J’aimerais plutôt l’entendre dire :
J’en ai marre d’attendre un Lusitania ou un Pearl Harbour qui déclencherait une indignation nous forçant à entrer en guerre contre ce phénomène qui pourrit notre monde et menace l’humanité en nous. Il est temps pour nous d’entendre la franchise d’un Churchill ou d’un de Gaulle.

Ces «déséquilibrés» sont parfaitement organisés. Ils semblent déjouer toutes les précautions traditionnelles des corps policiers, en modifiant chaque fois leurs tactiques, achetant des complicités, opérant souvent de l’étranger, laissant le soin de l’exécution à des idiots fanatisés et affamés de vierges en chaleur, et de gloire éphémère auprès de leurs enfants fanatisés, abusés, cruélisés et glorifiés par des imams hurleurs assoiffés de sang (et de subventions), pour le plus grand profit de politiciens désireux d’établir l’autorité de leurs dictatures sanglantes. Les indemnités versées aux familles des «courageux kamikazes» tués ou emprisonnés, seuls lâches vautours capables de transformer nos inquiétudes en espèces palpables.

Avez-vous pensé un instant quel serait le coût de nos polices publiques et privées et secrètes s’il n’y avait plus de terrorisme à combattre? Aux coûts de nos voyages, de nos concerts, de nos sorties rendues hasardeuses, de nos achats parfois dangereux, de nos gardiennes parfois douteuses, des coûts exponentiels de la santé, du chantage à peine déguisé de multinationales offrant aux gouvernements des précautions clés en mains qui seront déjouées par l’imagination des terroristes? Eh oui! la peur se vend bien, merci, et le sentiment de sécurité qu’on prétend nous vendre, nous le payons très cher.

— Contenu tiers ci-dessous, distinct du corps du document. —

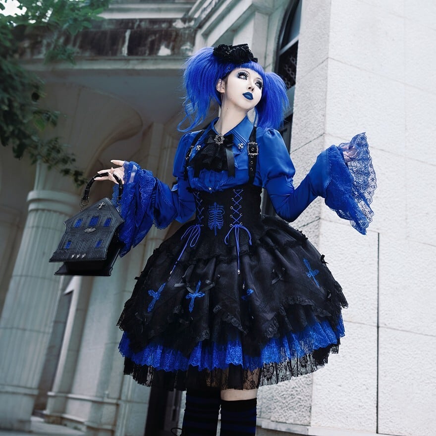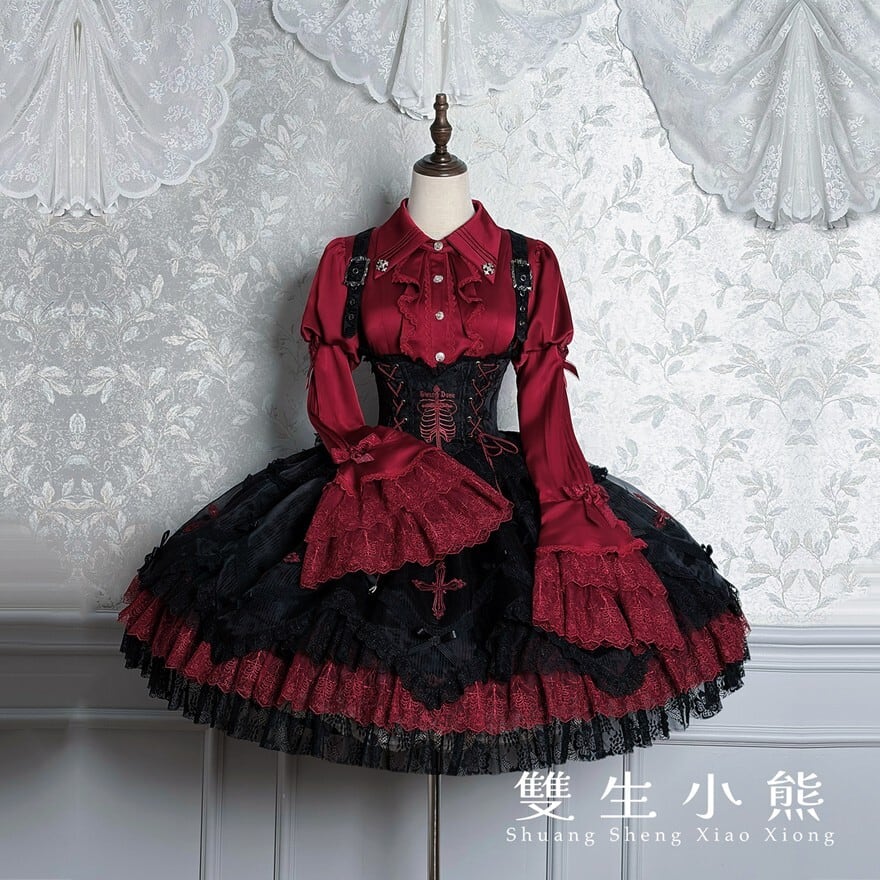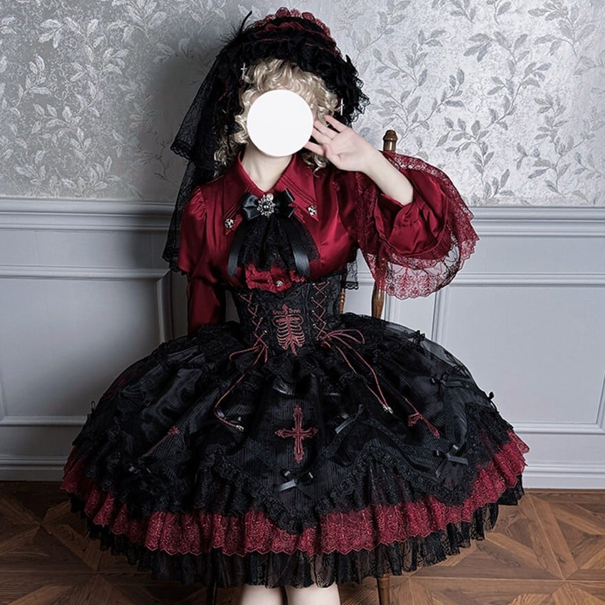 十字架モチーフを散りばめたジャンパースカートと姫袖ブラウスの組み合わせが特徴で、双子コーデやコンカフェ衣装で存在感のある世界観を纏いたい方に最適です。カラーごとに印象が変わり、黒を基調にした耽美な空気をしっかり引き立ててくれます。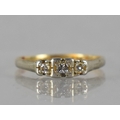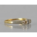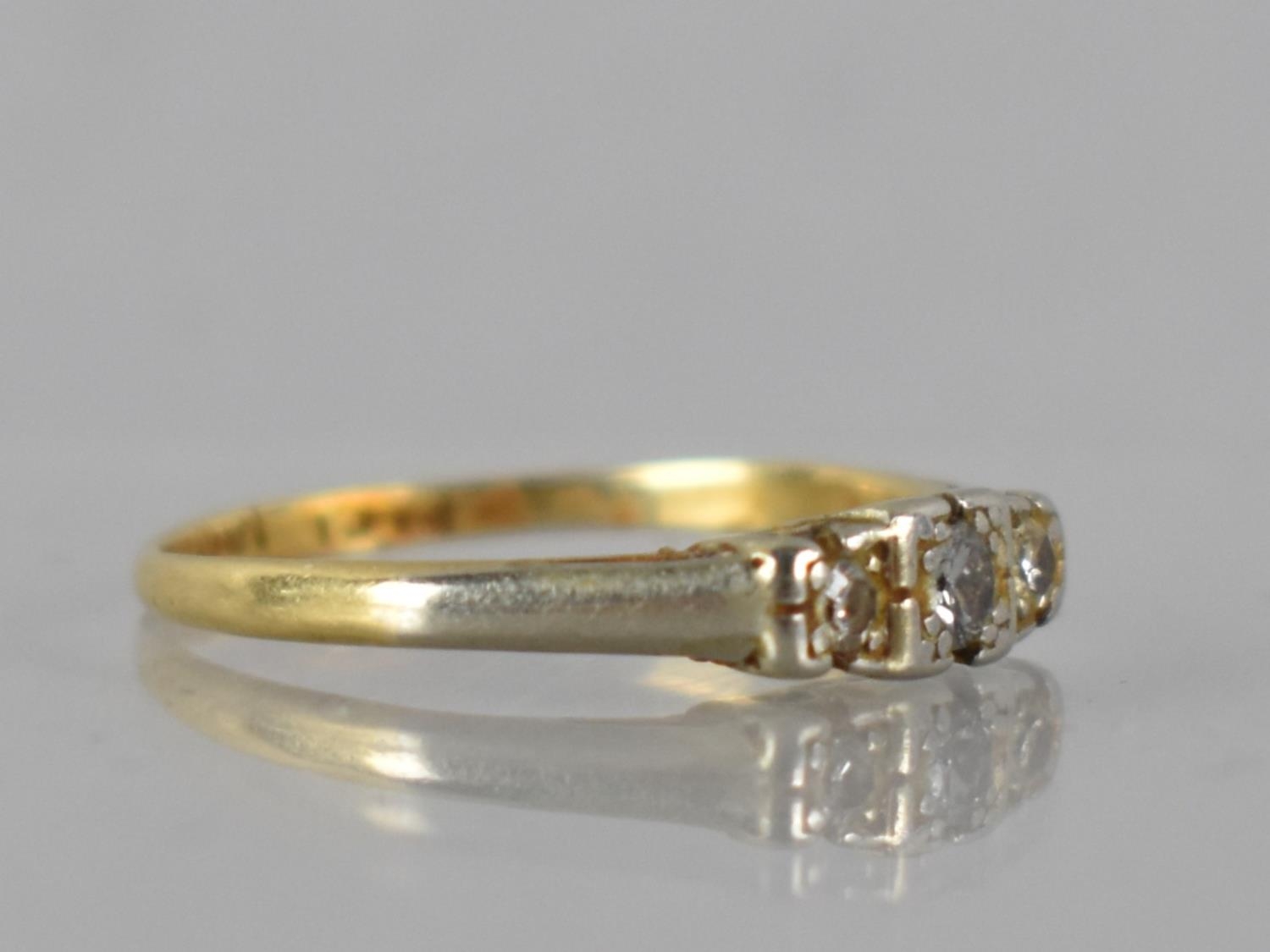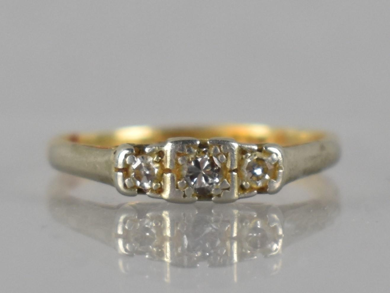An Early 20th Century 18ct Gold, Platinum and Diamond Trilogy Ring, Centre Old Round Cut Diamond 2.5mm Diameter, Grain Set in a Square illusion Mount and Flanked by Two Smaller Diamonds, Similarly Mounted in White Metal and Raised on White Metal Shoulders to a Polished D Shaped Band, Stamped internally PLAT and 18CT, 2gms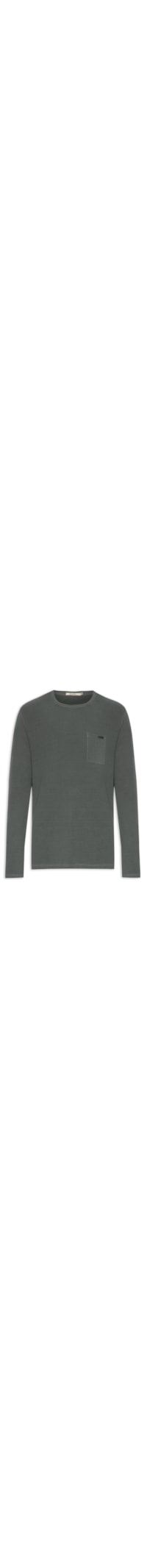 A camiseta cinza é confeccionada em malha de algodão com superfície texturizada. A peça possui gola careca com acabamento canelado, mangas longas, bolso com tag emborrachada da marca aplicados na altura do tórax, efeito estonado, shape solto, caimento reto e acabamento pespontado.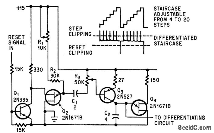 Staircase voltage builds up across C2 when pulses from Q2 turn Q3 on momentarily. R3 controls voltage amplitude of each step. R1 controls rate of free-running oscillator tube.-J. E.Russell, Ten Signals at a Glance, Electronics, 37:19, p 54-57.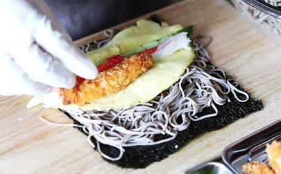 김밥김 위에 메밀면을 올리고, 지단-오이-크래미-새우튀김-와사비 마요소스 순으로 올린 후 말아주면 된다.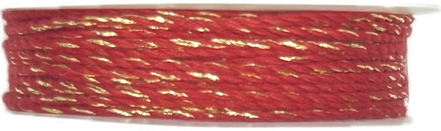 Elegantní dekorační provázek v červeném odstínu, propletený třpytivou zlatou nití. Vyrobený z kvalitní bavlny, má průměr 1 mm a délku 5 m. Díky své jemnosti a decentnímu lesku je ideální pro sváteční i celoroční dekorace.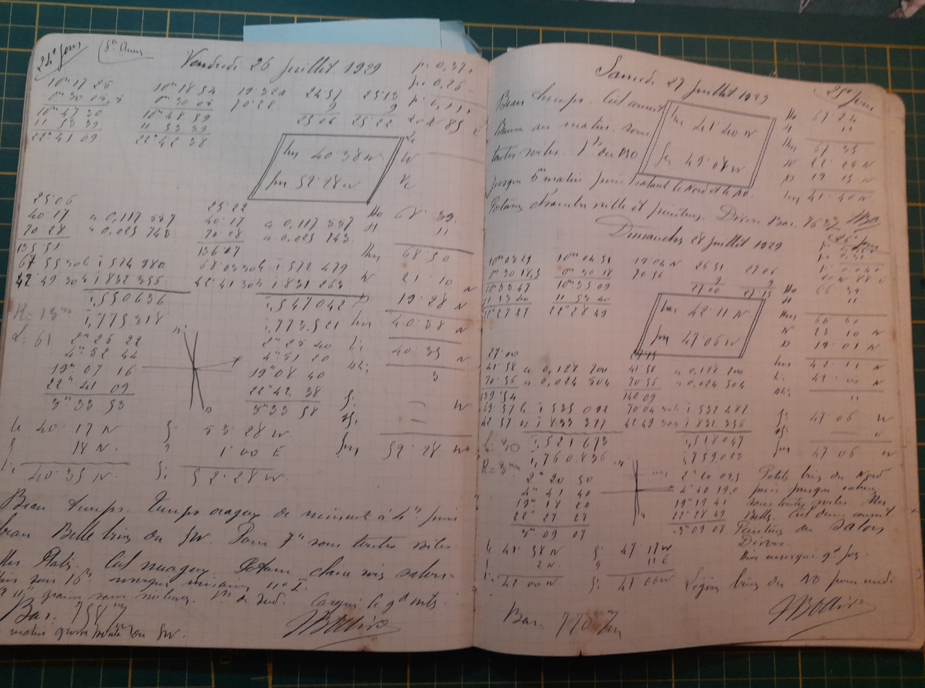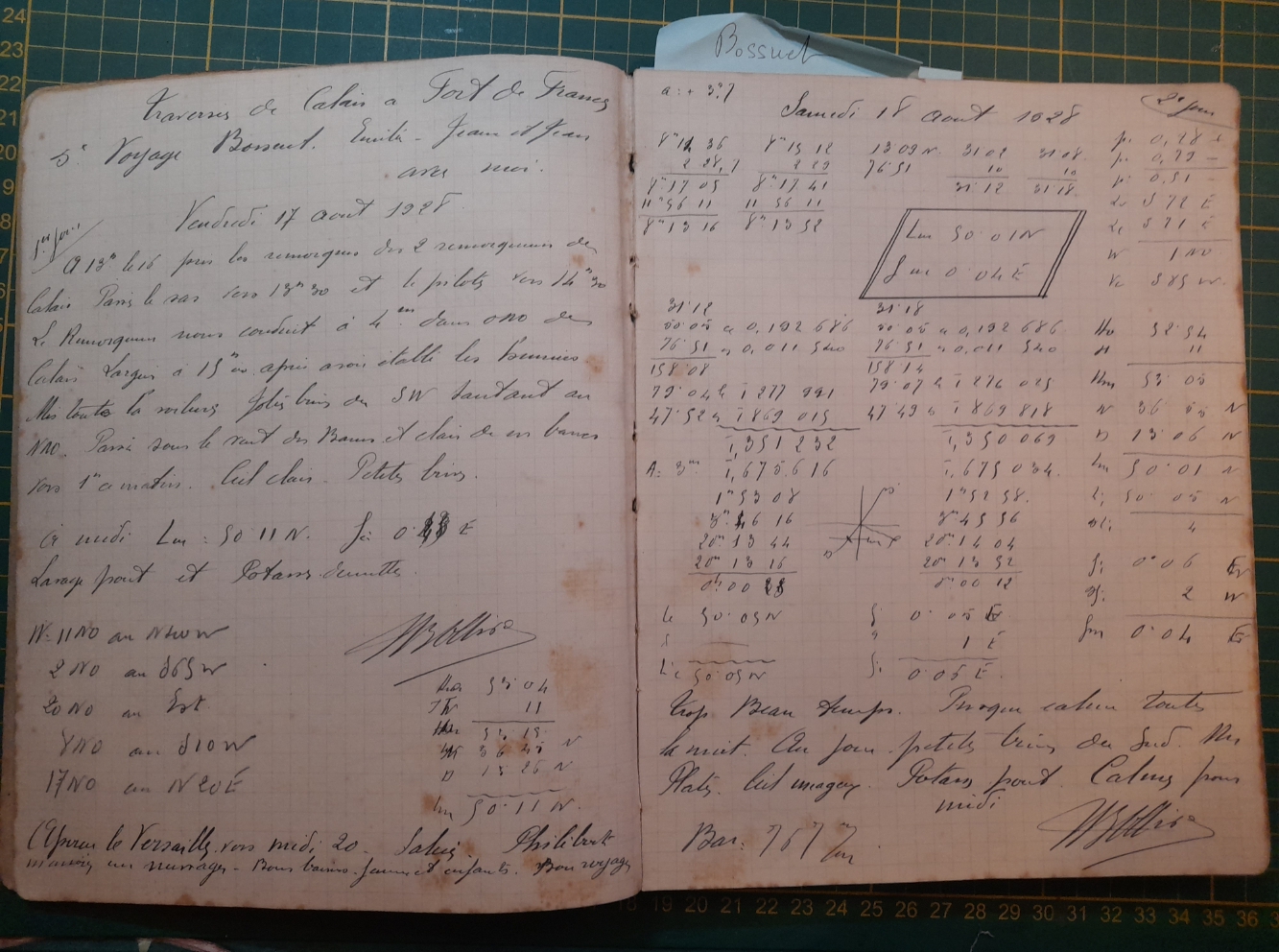 Le cahier est bien sûr constitué principalement de calculs nautiques mais présente aussi des pages entièrement rédigées et parfois de petites annotations personnelles.
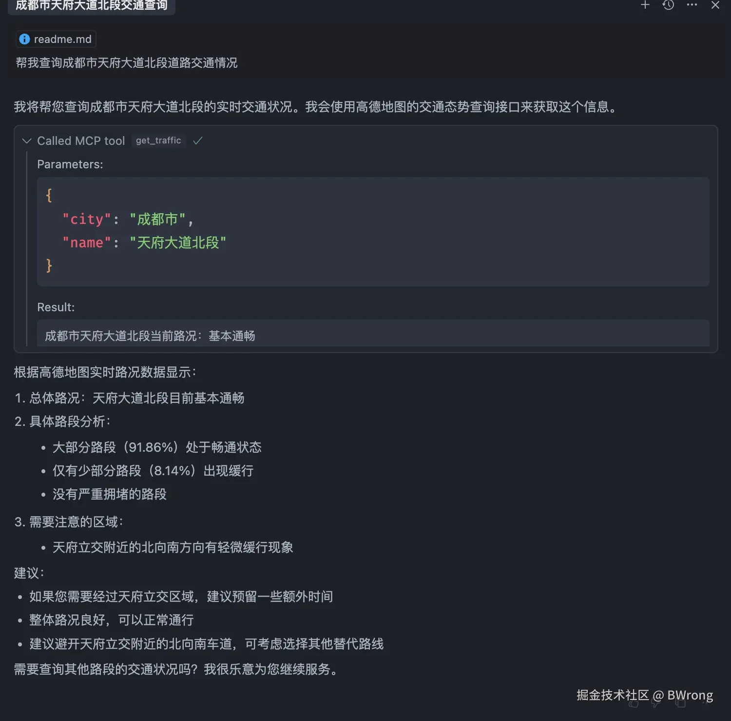 - 在chart面板中输入“帮我查询成都市天府大道北段道路交通情况"。可以看到它调用了MCP,并返回了结果

Je ne veux plus être Charlie tous les jours, être Paris, Bruxelles ou Londres ou Barcelone… Je veux participer, à ma manière à éliminer cette pulsion imbécile qui fait que certains pensent qu’ils peuvent améliorer leur vie dans ce monde -ou dans l’autre- en supprimant celle des autres.

N’en avez-vous pas assez d’aller porter vos fleurs et vos bougies sur les sanctuaires encore humides du sang des innocents?

À quand un tribunal de Nuremberg pour juger ceux qui tirent les ficelles de ces malheureux en les forçant à couper le pipeline? Un tribunal qui condamnerait les sponsors et les mettrait au ban de la civilisation et de l’économie mondiale pour avoir aidé, encouragé, financé ces malheureux?
Bien sûr, nous devrons y sacrifier quelques commodités, mais ce serait comme priver d’oxygène un incendie incontrôlable.

C’est peut-être un lieu commun de dire que ça n’arrive pas dans notre cour, mais que ça pourrait. Au fond de nous, nous savons bien que les océans ne nous protégeront pas plus qu’ils n’ont empêché la terreur de s’attaquer au World Trade Center.

Nous devrons aussi améliorer notre justice, notre solidarité envers les démunis d’ici et d’ailleurs, réduire les inégalités qui font perdre la tête à ceux qui sont témoins de la voracité des uns et de l’extrême misère des autres.

Oui, l’établissement d’une atmosphère plus sereine pour nous… et pour notre environnement, est à ce prix.